On-line DGA and Diagnostic Tools
On-line DGA is gaining in popularity worldwide and, because of its frequency and accuracy of measurements, provides the best data set for the ratio-based diagnostic tools. The advent of on-line DGA has enabled the DGA practitioner to go from infrequent snapshots in time of transformer condition to understanding the dynamic behavior of gases over the operating cycles of the transformer. On-line DGA data is delivering new insights previously unavailable. The trending of the diagnostic ratios rather than just the basic gas data is the breakthrough. The value is in rate of change of diagnostic ratio indicators, not in static snapshots. On-line DGA monitors are available now with different combinations and counts of the 8 diagnostic gases. Software and services also accompany these monitors that automate the calculation and display of some of the diagnostic tools.

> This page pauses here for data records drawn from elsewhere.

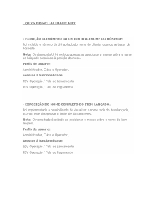 Na operação, o sistema passa a exibir as UHs dos hotéis integrados, possibilitando que, ao realizar operações em mesas, o usuário selecione hóspedes de diferentes hotéis, escolhendo previamente o hotel desejado.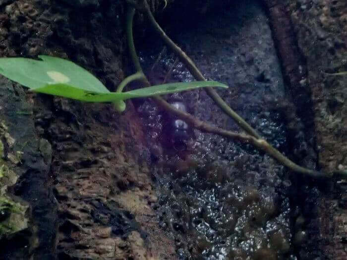 少し太めのハルニレの樹液だまりに小さい何かが見えました。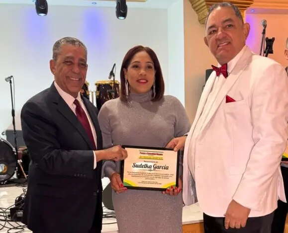 El congresista Adriano Espaillat y Ramon Mercedes, presidente de Precohis, entregan el reconocimiento a Sudelka García. Nueva York. – La periodista dominicana Sudelka García fue reconocida por la organización Prensa & Comunidad Hispana PreCoHis por su destacada trayectoria de más de 15 años en el ejercicio periodístico, diez de ellos en el periódico El Nacional de la República Dominicana, así como por su valioso aporte manteniendo informados a los dominicanos en el exterior a través de sus reportajes de turismo gastronómico. El reconocimiento fue otorgado en la ciudad de Nueva York el día 5 de diciembre del año 2025, como parte de una actividad dedicada a exaltar el trabajo de comunicadores que han contribuido de manera significativa a la difusión cultural, social y gastronómica de la comunidad hispana, especialmente de la diáspora dominicana.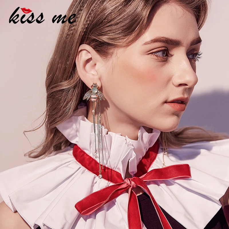 Женское Брендовое ювелирное изделие KISS ME, длинные серьги с бахромой, милые серьги-насекомое с кристаллами и пчелами, модные серьги
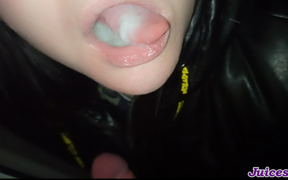 She gladly give a blowjob in the middle of the road in winter. After sucking, she swallowed a mouthful of cum. This girl really loves sucking cocks and swallowing cum.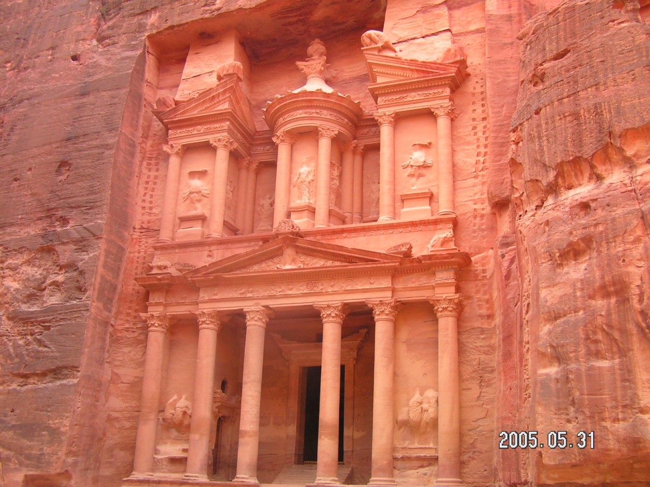 ペトラの中は初日4名で見に行った!! 途中Nさんが日傘をさしながら歩いているのを発見!! 結局5名で一緒に!!しょっぱなのエルハズネ!! まさにパンフレットで見たよ〜ってなもんで、しかも 本当にでかい!! エドディルに着いたころには結構くたくたな自分がいた(笑)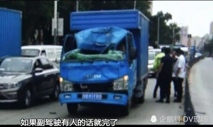 隨后裝竹子的前車開到斑馬線前突然剎車,緊跟其后的另一輛貨車剎車不及直接撞上,竹子直接插穿了后車的駕駛室,隨即車頭碎片橫飛,駕駛室嚴(yán)重變形。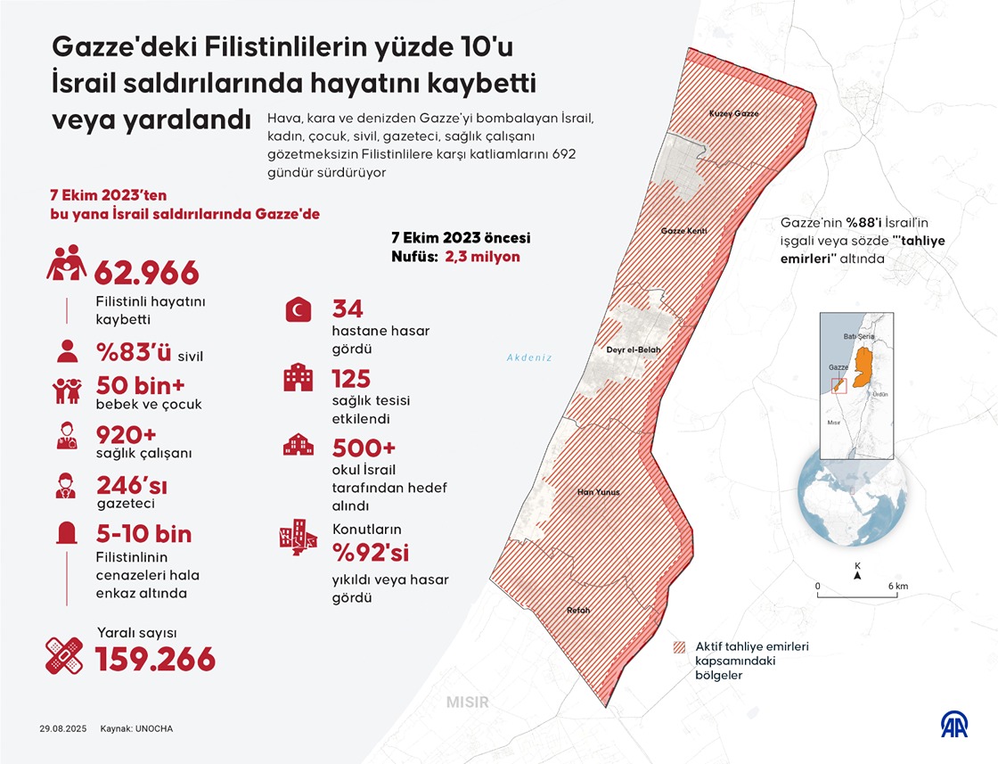 Hava, kara ve denizden Gazze'yi bombalayan İsrail, kadın, çocuk, sivil, gazeteci, sağlık çalışanı gözetmeksizin Filistinlilere karşı katliamlarını 692 gündür sürdürüyor. (Grafik: Efnan İpşir/AA)29 Ağustos 2025•Güncelleme: 29 Ağustos 2025

However, let the buyer beware: To deliver on the new insights, on-line DGA monitors must offer the right combinations of gases measured that support the diagnostic tools you prefer to use. As an example: If the gases measured by the on-line monitor only support a key gas type of approach, (or worse, the “modified” key gas method highlighted earlier) then the promise of trending diagnostic ratios and delivering correct diagnoses is not fulfilled. It would just become a more expensive way to misdiagnose transformer faults.
Summary
Progress has been made by the DGA community in developing and refining diagnostic tools. Some tools are proving to perform better than others and DGA practitioners can benefit from reviewing the latest information and incorporating it into their DGA procedures. The imperative for transformer asset managers in the current environment of an aging transformer fleet that needs to perform more reliably than ever under increasing loads: Be as effective as possible in transformer condition assessment through a robust DGA diagnostic program incorporating laboratory as well as on-line DGA approaches.